Consignments of medicinal products received from a company outside Denmark, but inside the EU, must be accompanied by a control report. This is a signed declaration from the qualified person in the EU, having released the batch on the Danish market. The declaration certifies that the batch complies with good manufacturing practice (GMP) and the terms of the granted marketing authorisation.
For more information about the wording of a control report, see Questions and answers about wholesale distribution
Control report for parallel import
When consignments of medicinal products are imported from another EU market with the purpose of repackaging the products for parallel import, the parallel importer can base the control on other systems if a control report from the export market cannot be obtained. Such other systems should at least involve comparative tests. A GMP authorisation is required in order to repackage products for marketing in Denmark.
If a parallel importer instead of repackaging a medicinal product decides to distribute it to another wholesale distributor, this is classified as ordinary dealing between wholesalers. A control report is required in order to import medicinal products to Denmark, cf. above. As with parallel import, a control report is not invariably required in this case.
Extract of the Danish executive order on good distribution practice (no. 1359 of 18 December 2012)
(xiv) Receipt control: Verification that the storage conditions of a medicinal product have been observed during transport, that the documentation required pursuant to this executive order is enclosed and that the supplied medicinal products correspond to the ordered products.
Wholesale distributors and pharmacies must ensure that they only receive supplies of medicinal products from companies or persons authorised to manufacture, import or wholesale distribute medicinal products, or from a pharmacy.
(2) If the medicinal product is obtained from another wholesale distributor, the receiving wholesale distributor must verify that the supplier complies with the principles and guidelines of good distribution practices. This includes verifying that the supplier holds an authorisation for wholesale distribution.

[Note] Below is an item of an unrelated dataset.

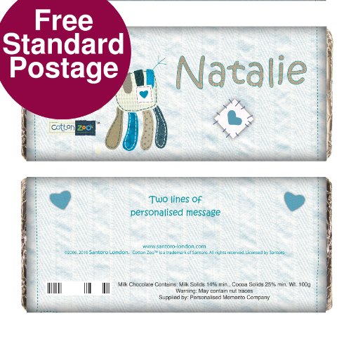 Buy Cheap Cotton Zoo Zipper the Zebra Chocolate Bar. This is a great product that can be personalised to your requirements ( please see main discription for full details ) Ideal gifts and presents for weddings, Christenings, Birthdays, Christmas etc...

(3) If the medicinal product is obtained from the manufacturer or importer, the wholesale distributor must verify that the manufacturer or importer holds a manufacturer's authorisation.
(4) If the medicinal product is obtained through brokering, the wholesale distributor must verify that the broker complies with the requirements established for brokers.
Wholesale distributors must ensure that receipt control is performed on all supplies of medicinal products obtained from companies or persons authorised within the EU/EEA to manufacture, import or wholesale distribute medicinal products, or from a pharmacy. Receipt control can only be performed in Denmark.
In the case of supplies of medicinal products from other EU/EEA countries, the receiving company or the receiving pharmacy must verify that a control report is enclosed with the consignment, cf., however, subsection (2).
(2) In the case of supplies of medicinal products for clinical trials or medicinal products sold or supplied pursuant to section 29(1), or section 30 of the Danish Medicines Act, and which are not covered by a marketing authorisation, the control report may be replaced by corresponding documentation.
(3) If a consignment is not accompanied by the documentation referred to in subsection (1) or (2) , the receiving company or the receiving pharmacy must, before redistribution, ensure that every batch is checked in accordance with section 35 of the executive order on manufacture and import of medicinal products and intermediate products.
Any violation of sections 21, 22 and 24(1) and (3) shall be punishable by a fine pursuant to section 52(1).